KATHMANDU, Nepal – Nepal will increase permit fees to climb Mount Everest by more than 35%, making the world’s highest peak more expensive for mountaineers for the first time in nearly a decade, officials said Wednesday.
Revenue from permit fees and other expenses by foreign climbers is a key source of income and employment for the cash-strapped nation, home to eight of the world’s 14 highest mountains, including Mount Everest.
A permit to climb the 29,032-foot Mount Everest will cost $15,000, said Narayan Prasad Regmi, director general of the Department of Tourism, announcing a 36% increase in the $11,000 fee that has been in place for nearly a decade.
“It has been a long time since the rights (of permits) have been reviewed.” We have updated them now,” Regmi told Reuters.
The new fee will come into effect from September and apply to the popular April-May climbing season along the standard South East Ridge, or South Col, route, pioneered by New Zealander Sir Edmund Hillary and Sherpa Tenzing Norgay in 1953.
Rates for the less popular September-November season and December-February season, which rarely increase, will also increase by 36%, to $7,500 and $3,750, respectively.

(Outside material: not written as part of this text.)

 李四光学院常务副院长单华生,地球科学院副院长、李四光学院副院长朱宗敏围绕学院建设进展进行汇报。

Some expedition organizers said the increase, under discussion since last year, was unlikely to discourage climbers. About 300 Everest permits are issued each year.
“We expected this increase in permit fees,” said Lukas Furtenbach of Austria-based expedition organizer Furtenbach Adventures.

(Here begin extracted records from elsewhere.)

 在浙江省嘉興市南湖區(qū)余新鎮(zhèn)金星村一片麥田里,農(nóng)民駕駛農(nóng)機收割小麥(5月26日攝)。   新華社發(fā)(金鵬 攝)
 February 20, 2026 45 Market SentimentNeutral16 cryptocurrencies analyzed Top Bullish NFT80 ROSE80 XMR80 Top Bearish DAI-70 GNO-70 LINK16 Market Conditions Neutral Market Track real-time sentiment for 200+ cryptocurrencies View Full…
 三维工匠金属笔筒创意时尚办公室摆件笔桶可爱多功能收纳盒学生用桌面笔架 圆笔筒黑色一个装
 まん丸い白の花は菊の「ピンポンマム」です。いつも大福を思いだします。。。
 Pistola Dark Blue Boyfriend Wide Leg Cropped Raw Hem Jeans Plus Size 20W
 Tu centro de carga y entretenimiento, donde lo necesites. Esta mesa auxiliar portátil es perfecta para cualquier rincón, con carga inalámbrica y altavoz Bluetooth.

He said it was an “understandable step” by the Nepal government.
“I am confident that the additional funds will be used in some way to protect the environment and improve safety on Everest,” Furtenbach said.
Regmi did not say what the additional revenue would be used for.
Hundreds of climbers attempt to scale Mount Everest and several other Himalayan peaks every year.
Nepal is often criticized by mountaineering experts for allowing too many climbers on Everest and doing little to keep it clean or ensure climbers’ safety.
Regmi said clean-up drives had been organized to collect garbage and security measures and rope fixing were regularly taken.
Climbers returning from Everest say the mountain is becoming increasingly dry and rocky with less snow or other precipitation, which experts say could be due to global warming or other environmental changes.